= Beginning of Section =
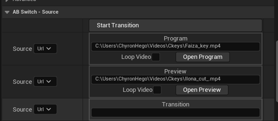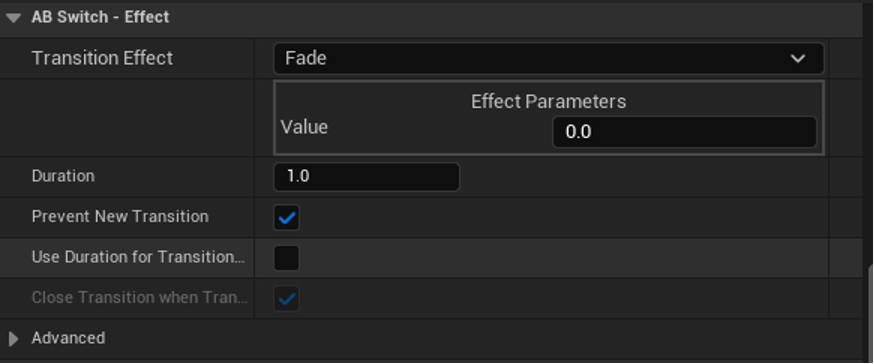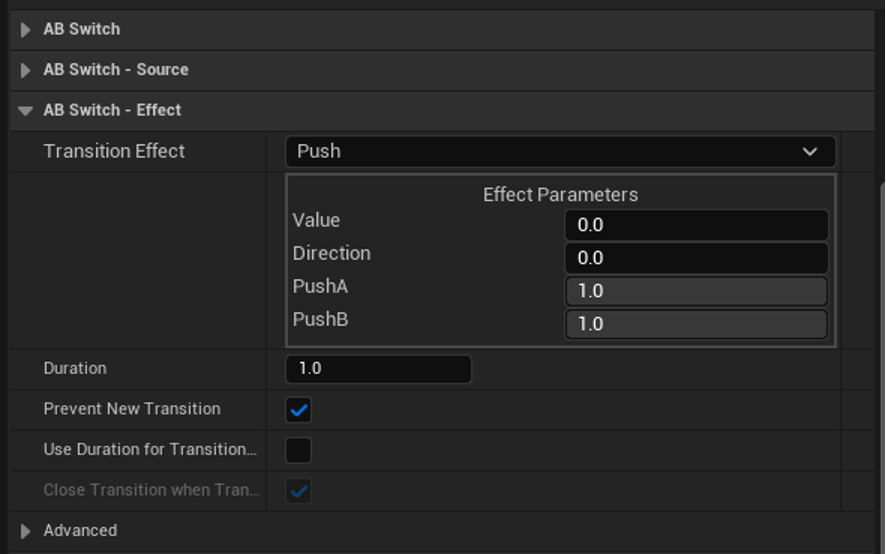 Value Parameter is used by the AB Switch to drive the transition, When using Use Transition Player, Transition Texture Parameter is used instead (of Value Parameter) to drive transition.
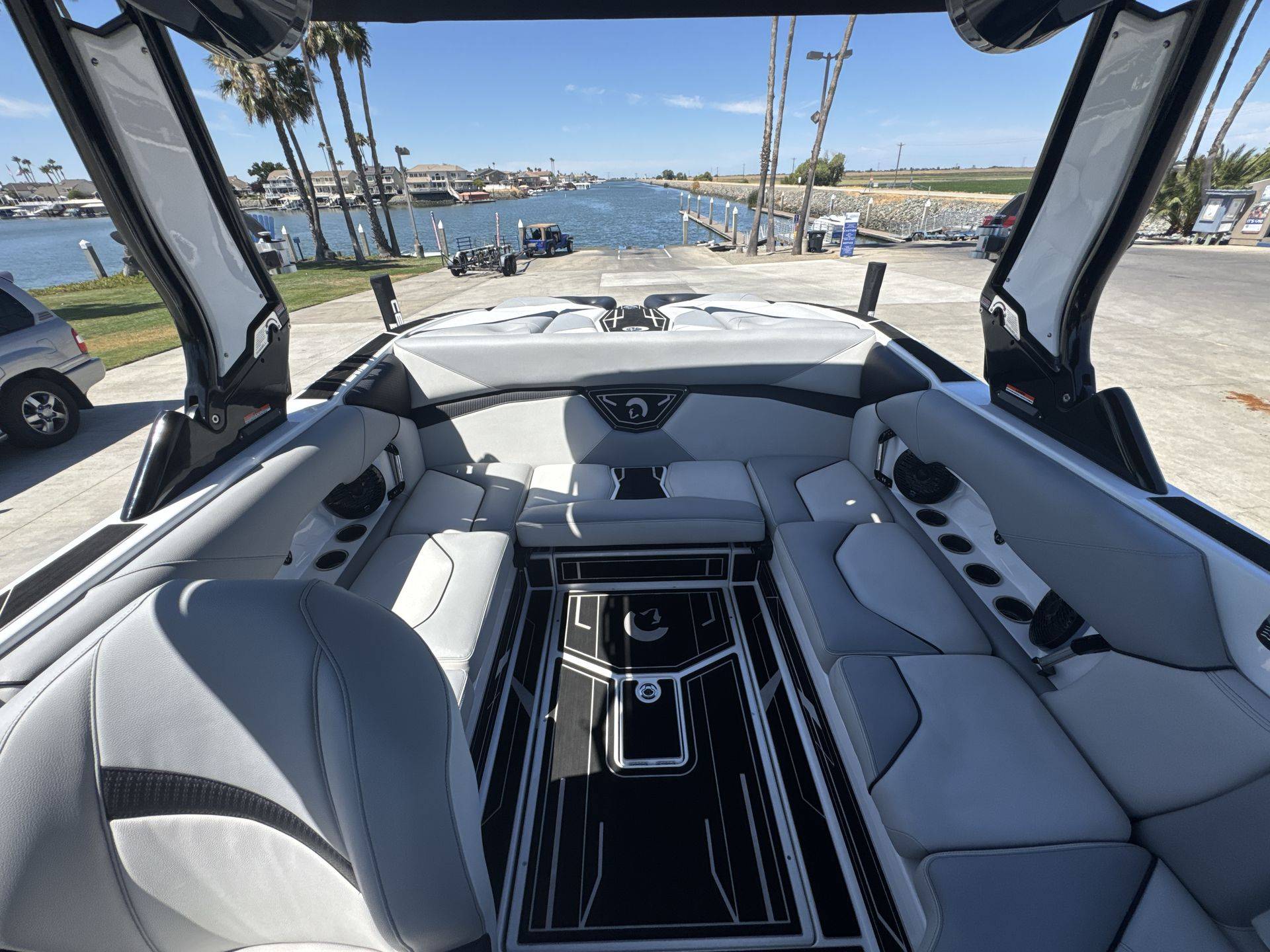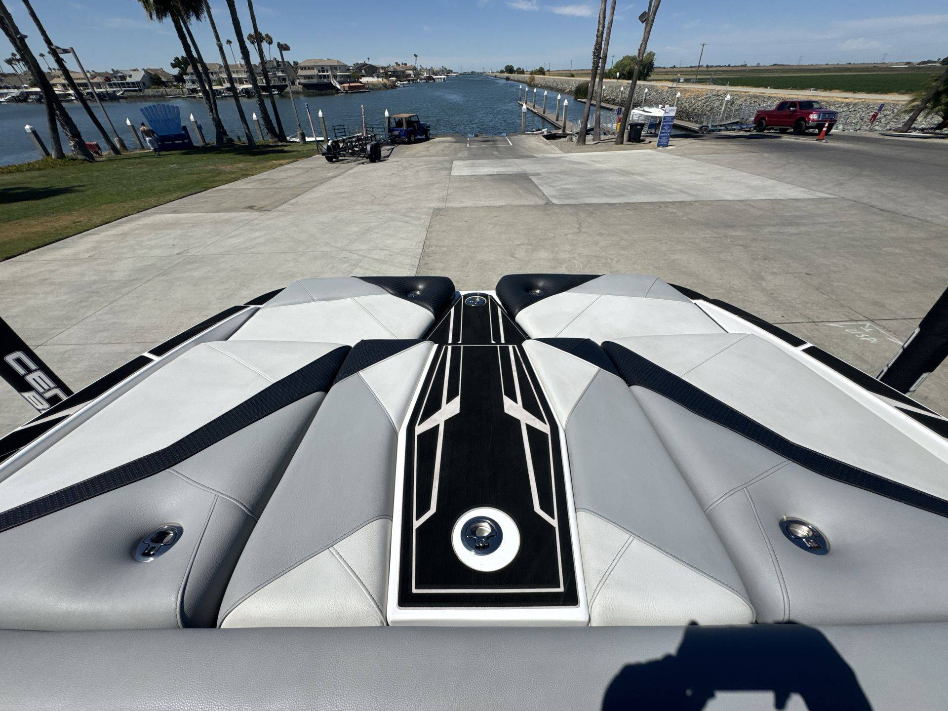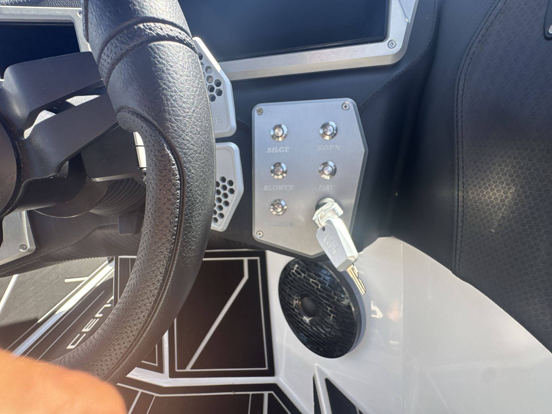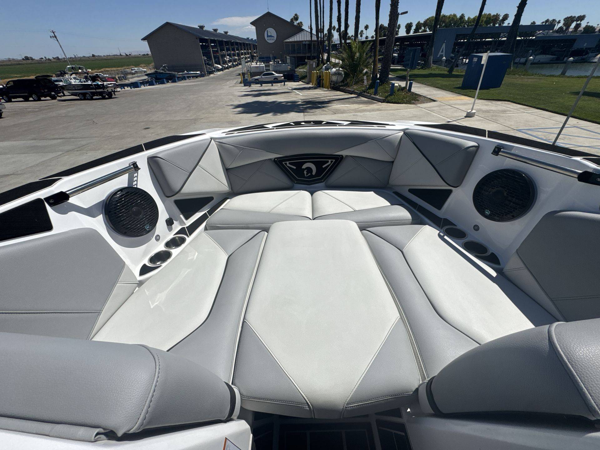 The Nv233 takes it up a notch from the entry Centurion Nv213, with two more feet of length, room for two more passengers and the exotic sports car look that says high performance even when docked. It comes with up to 5000 pounds of available ballast, more than half of which can be filled in 90 seconds with available RAMFILL2. This isn’t a stripped-down version of a more expensive Centurion or an older design dressed-up new, the Nv233 is designed from the water up to deliver precisely what you need to get the most out of your water sports experience. The Nv233 offers world championship caliber surf, with the ability to propel you to your own best performance. Unique to the Nv Series design is the unobstructed GatorStepped space between the tower and the dash that facilitates easy communication directly with a rider – perfect for coaching. An abundance of built-in quality features means the Nv233 comes with everything you need to get on the water and enjoy a great ride from day one, but that doesn’t mean you can’t option up as well. This 23-foot Centurion leaves nothing to be desired except more time on the water.
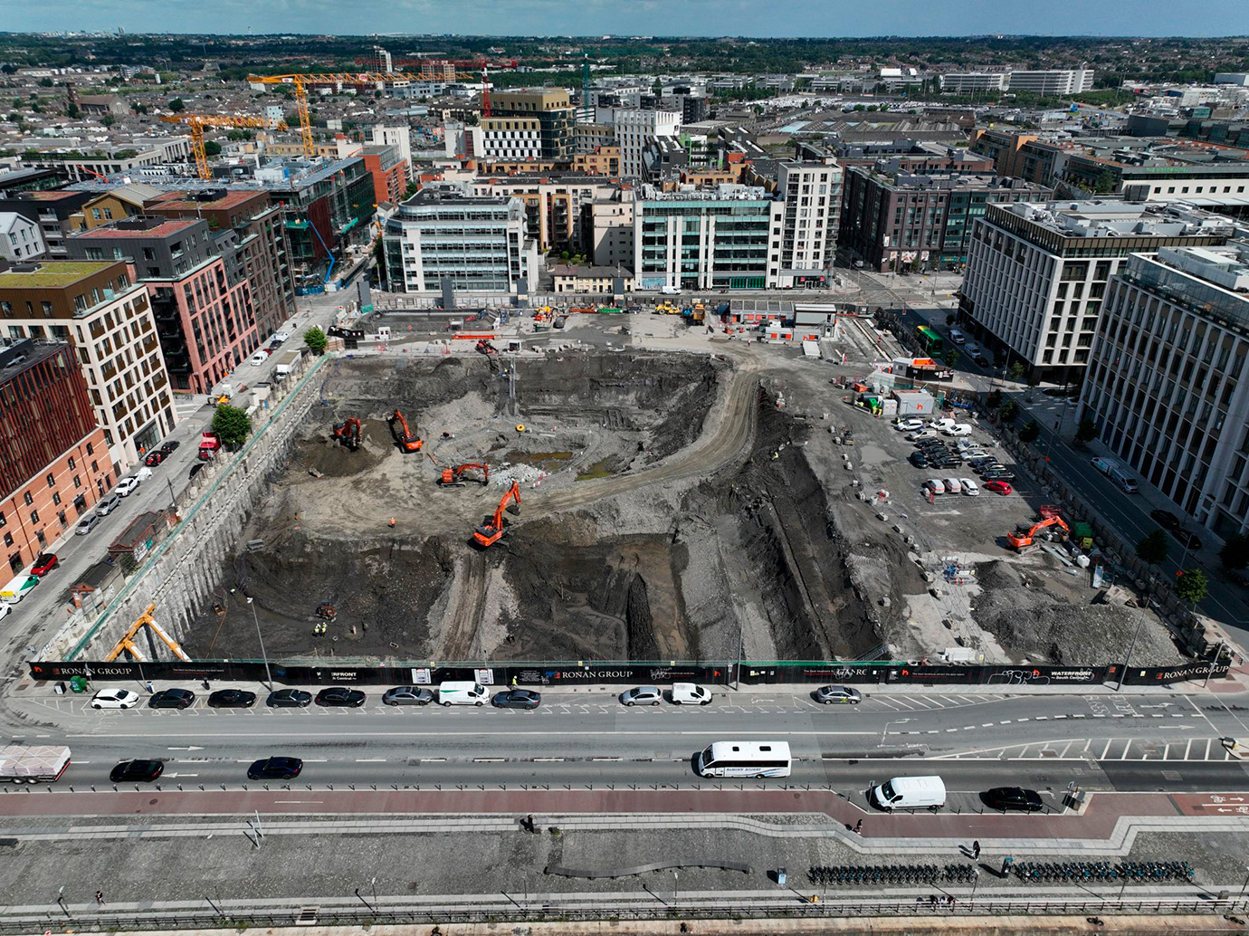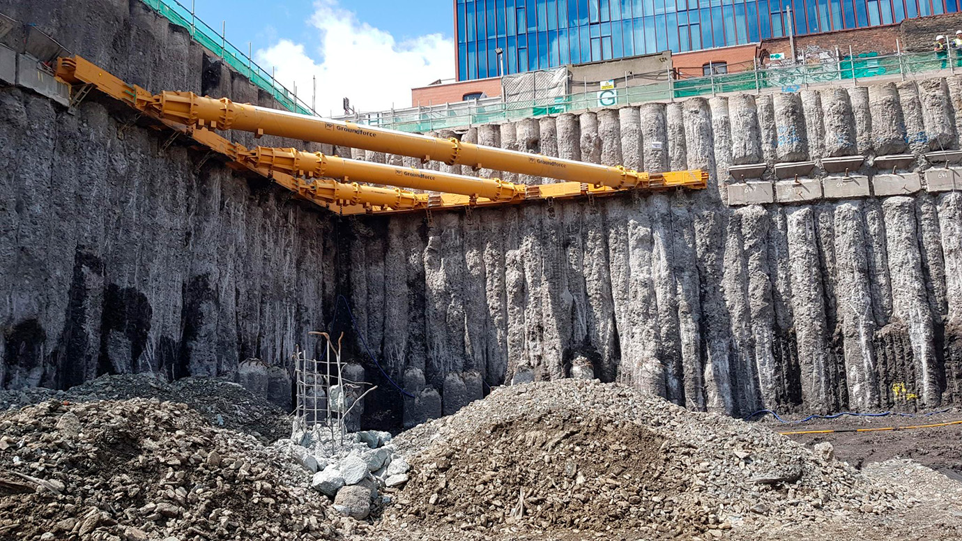 Employed by the contractor PJ Hegarty & Sons and foundations experts, PJ Edwards & Sons, our role is to provide in-depth geotechnical expertise. We’ve been responsible for designing the secant pile wall and implementing tie-back anchors. This contribution is crucial to ensuring the structural stability and longevity of the 3-level basement, one of the deepest in Dublin city.
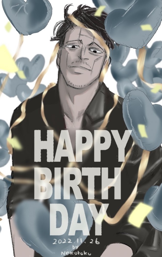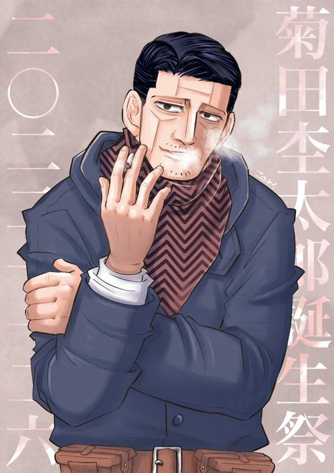菊田さんお誕生日おめでとう🎂🎉 ヤバいちょいワル・ダンディイケおぢと思ったけど、苦労人でお茶目なナイスガイだったね💕また有古と温泉入りたかったね😭 #菊田杢太郎生誕祭2022 #金カムアナログイラスト部
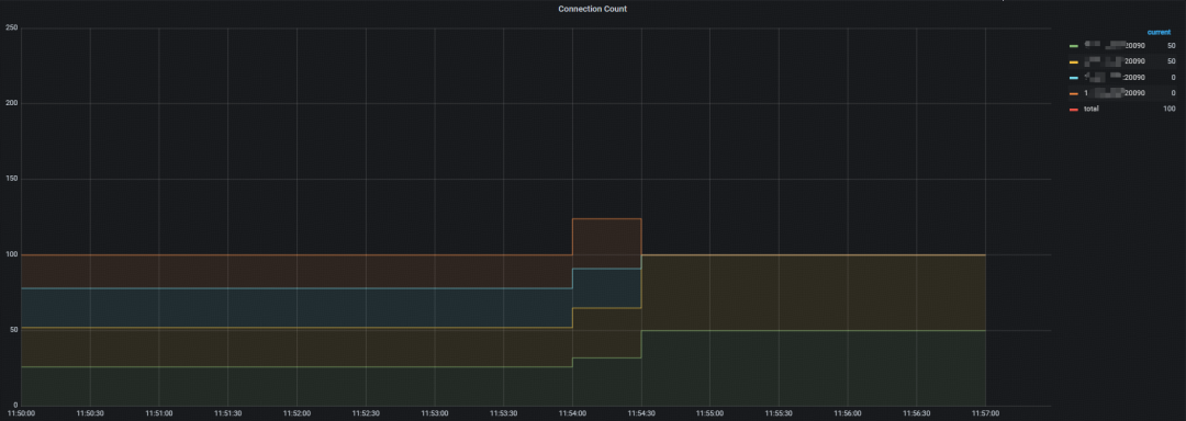进一步观察各 tidb server 连接数情况,连接数分别为 50/50/0/0,说明在运行过程中连接被自动迁移到剩余的 2 台 tidb server 节点,无须手工介入。
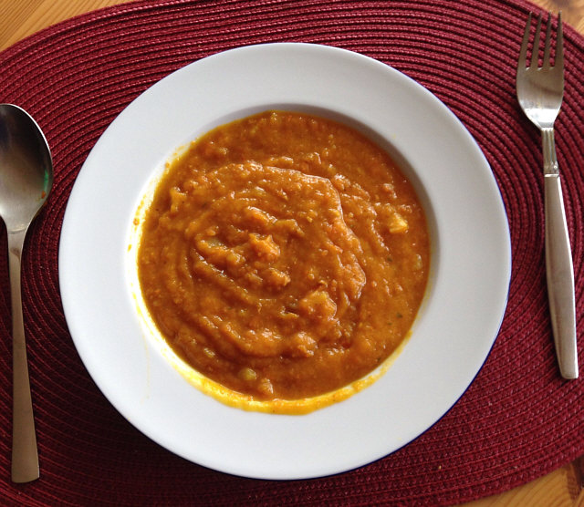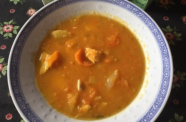 Kürbis-Möhreneintopf mit Kochwurst (die Wurst war leider schon gegessen
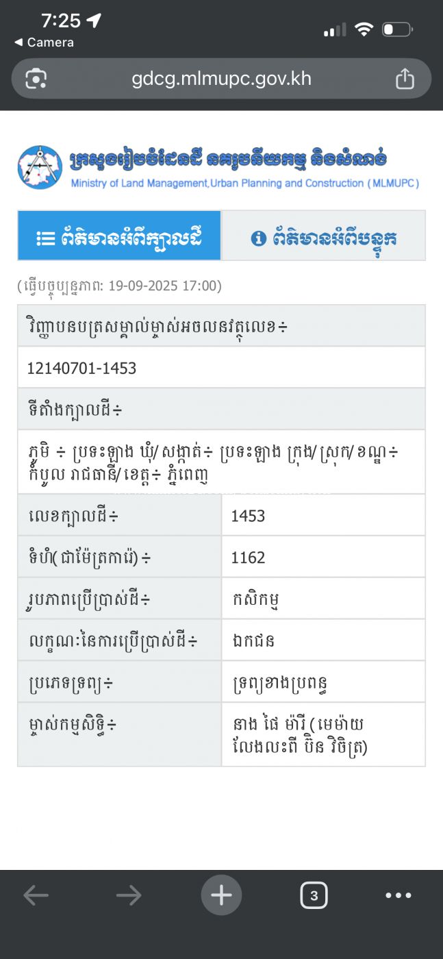 ដីលក់នៅភ្នំពេញ 1ម៉ែត្រការ៉េ 97$ តែប៉ុណ្ណោះ ទីតាំងនៅកំបូល ឃុំ ប្រទះឡាង ភូមិ ប្រទះឡាង
= End of Section =
__Work instruction__:
A verbatim rendering of the listing above is required, without any of its pictures.

__Answer section__:
 Value Parameter is used by the AB Switch to drive the transition, When using Use Transition Player, Transition Texture Parameter is used instead (of Value Parameter) to drive transition.
 The Nv233 takes it up a notch from the entry Centurion Nv213, with two more feet of length, room for two more passengers and the exotic sports car look that says high performance even when docked. It comes with up to 5000 pounds of available ballast, more than half of which can be filled in 90 seconds with available RAMFILL2. This isn’t a stripped-down version of a more expensive Centurion or an older design dressed-up new, the Nv233 is designed from the water up to deliver precisely what you need to get the most out of your water sports experience. The Nv233 offers world championship caliber surf, with the ability to propel you to your own best performance. Unique to the Nv Series design is the unobstructed GatorStepped space between the tower and the dash that facilitates easy communication directly with a rider – perfect for coaching. An abundance of built-in quality features means the Nv233 comes with everything you need to get on the water and enjoy a great ride from day one, but that doesn’t mean you can’t option up as well. This 23-foot Centurion leaves nothing to be desired except more time on the water.
 Employed by the contractor PJ Hegarty & Sons and foundations experts, PJ Edwards & Sons, our role is to provide in-depth geotechnical expertise. We’ve been responsible for designing the secant pile wall and implementing tie-back anchors. This contribution is crucial to ensuring the structural stability and longevity of the 3-level basement, one of the deepest in Dublin city.
菊田さんお誕生日おめでとう🎂🎉 ヤバいちょいワル・ダンディイケおぢと思ったけど、苦労人でお茶目なナイスガイだったね💕また有古と温泉入りたかったね😭 #菊田杢太郎生誕祭2022 #金カムアナログイラスト部
进一步观察各 tidb server 连接数情况,连接数分别为 50/50/0/0,说明在运行过程中连接被自动迁移到剩余的 2 台 tidb server 节点,无须手工介入。
 Kürbis-Möhreneintopf mit Kochwurst (die Wurst war leider schon gegessen
 ដីលក់នៅភ្នំពេញ 1ម៉ែត្រការ៉េ 97$ តែប៉ុណ្ណោះ ទីតាំងនៅកំបូល ឃុំ ប្រទះឡាង ភូមិ ប្រទះឡាង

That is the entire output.